_What is required_. Please give the lines below again exactly as they stand, from the one that contains "Prepare your family's" up to and including the one that contains "Founded in 1998", leaving all pictures out.

(Supplied material Opens)

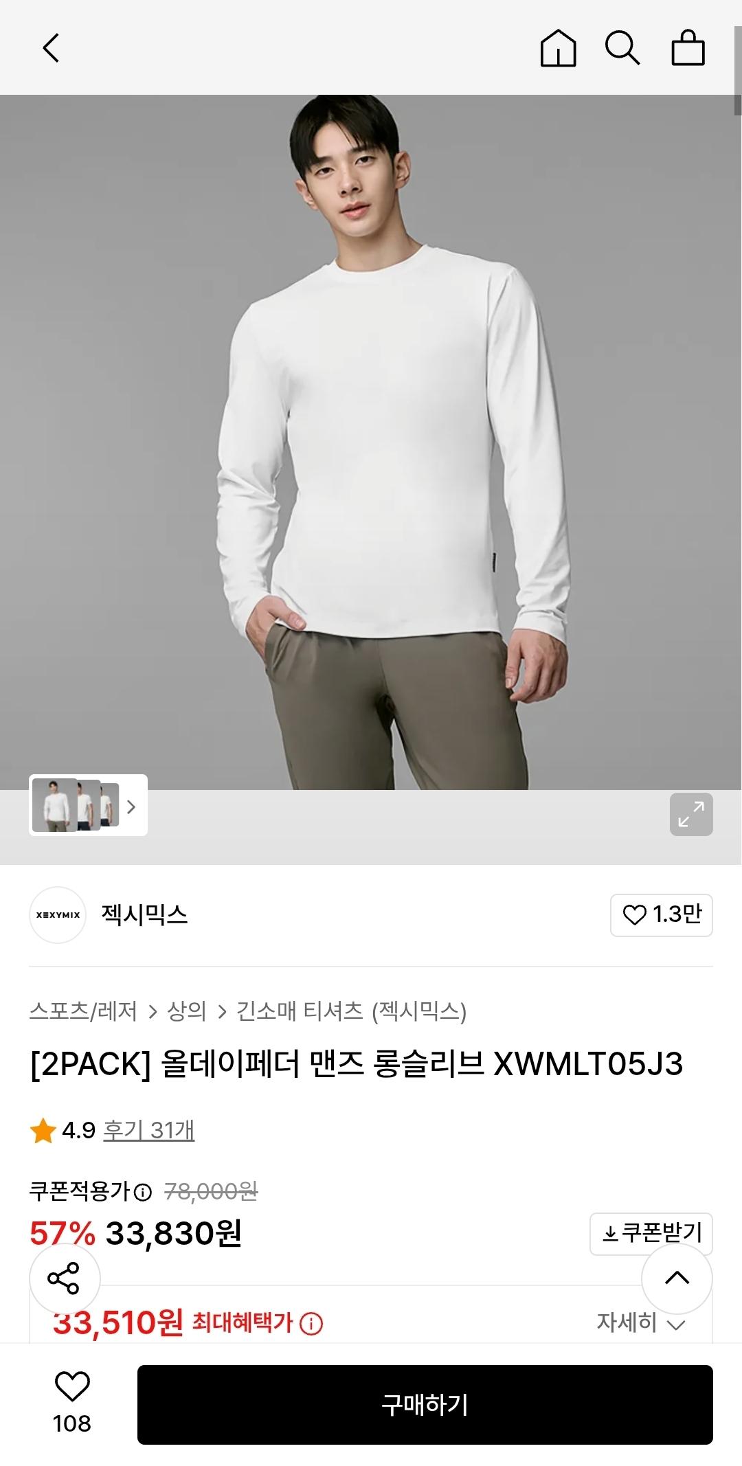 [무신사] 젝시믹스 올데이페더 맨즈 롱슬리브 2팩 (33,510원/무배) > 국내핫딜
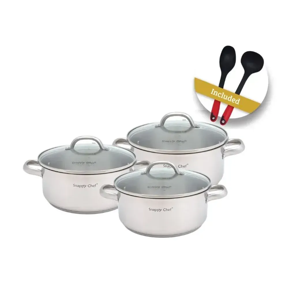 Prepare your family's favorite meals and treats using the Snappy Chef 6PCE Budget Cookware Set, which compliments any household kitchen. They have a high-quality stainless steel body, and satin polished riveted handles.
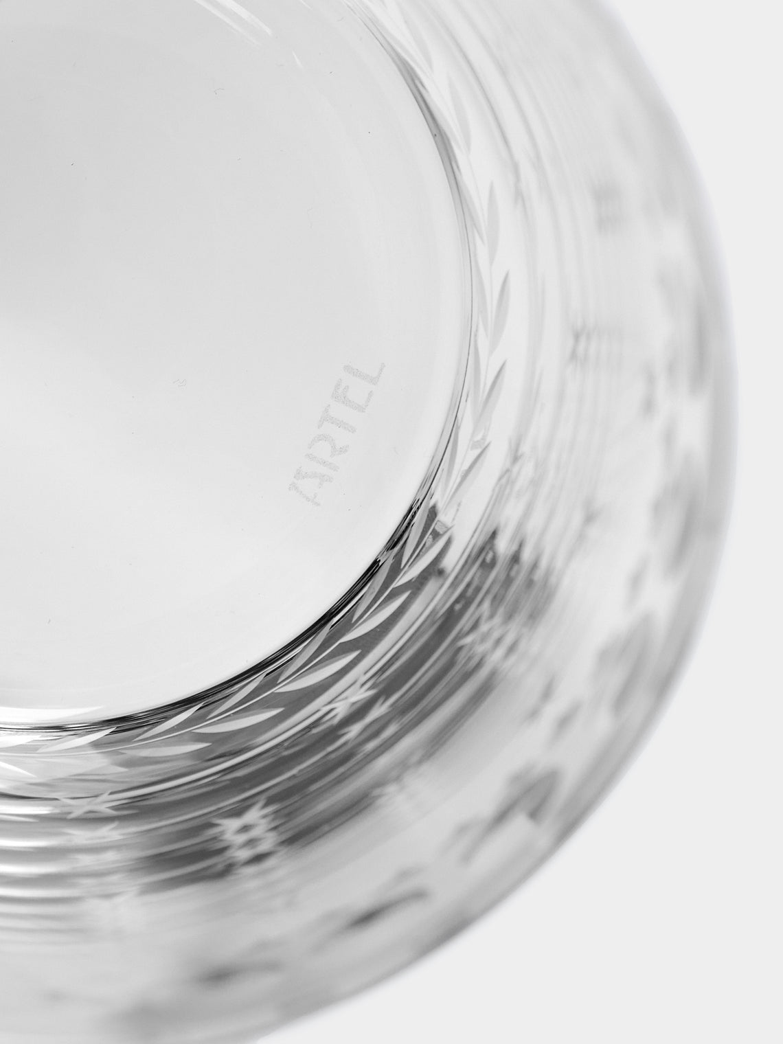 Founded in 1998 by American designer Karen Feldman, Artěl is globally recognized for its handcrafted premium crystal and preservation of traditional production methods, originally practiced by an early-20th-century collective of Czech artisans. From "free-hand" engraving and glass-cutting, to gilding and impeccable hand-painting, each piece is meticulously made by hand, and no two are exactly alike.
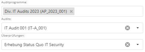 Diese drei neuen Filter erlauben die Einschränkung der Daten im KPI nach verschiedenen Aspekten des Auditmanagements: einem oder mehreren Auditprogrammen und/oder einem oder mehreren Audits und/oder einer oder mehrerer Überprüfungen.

(Supplied material Closes)

_Answer below_.
 Prepare your family's favorite meals and treats using the Snappy Chef 6PCE Budget Cookware Set, which compliments any household kitchen. They have a high-quality stainless steel body, and satin polished riveted handles.
 Founded in 1998 by American designer Karen Feldman, Artěl is globally recognized for its handcrafted premium crystal and preservation of traditional production methods, originally practiced by an early-20th-century collective of Czech artisans. From "free-hand" engraving and glass-cutting, to gilding and impeccable hand-painting, each piece is meticulously made by hand, and no two are exactly alike.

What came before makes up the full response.